ATWATER, Calif. (KFSN) -- Students at Atwater High are getting an opportunity to take a course that staff members believe is the first of its kind in California.
They're using tractors, mowers, and other machinery as part of a new Turf Grass and Sports Field Management course.
It's the latest addition to the campus's agriculture program, which is the largest in the country.
Agriculture Department Instructor Dave Gossman says, "We felt it was really an untapped area of agriculture because it's turf, it's irrigation, and it's soil. That's 100% agriculture."
Students spent the first two months of the school year learning how to operate the equipment and are now starting to use their skills out on the softball field.
Senior Luz Soto says, "I just find it really cool that we get to have experience in improving the fields here at our school."

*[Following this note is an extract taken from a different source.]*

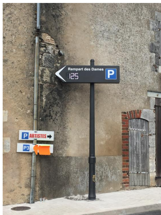
Ville de Sancerre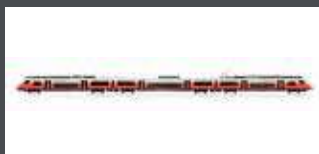
JC47602 TRIEBZUG RH 4746 DESIRO ÖBB CITYJET, EP.VI, SOUND

Student Gunnar Kale says it's a path he may pursue in college. He explains, "Being a baseball player, I like baseball and want to be around it. I know I'm probably not going to be in the MLB so having a background in turf management will help me stay in the game and be around it as long as I can."

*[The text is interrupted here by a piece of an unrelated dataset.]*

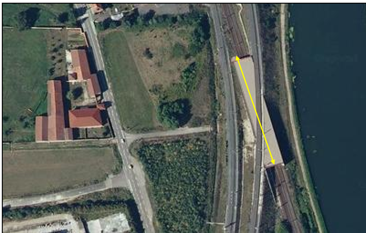
Vue aérienne de la galerie de Moulon

Si cette fiche comporte des erreurs ou des oublis, merci de nous le signaler.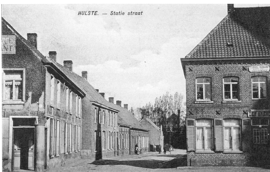
Zicht op de Statiestraat, de huidige Vlietestraat met het vierde huis links Den Barbier/Het Sporthuis

The students are not only learning here at their own school. They've also had a chance to visit some professional fields. They met with the Fresno Grizzlies' groundkeepers at Chukchansi Park and the Oakland A's crew at the Coliseum.
Gossman adds, "The Modesto Nuts have invited our students to help work some of the games next season so there's tremendous excitement."
Gossman says this program is possible in part through his association with the Sports Turf Managers Association and due to increased state funding for career technical education. And with parks, fields, and stadiums in communities across the country, he believes the possibilities are endless.
He says. "Ideally the vision is if we can get a group of students skilled and there's opportunities in the community, we can put the students in those skills into the community to help benefit them."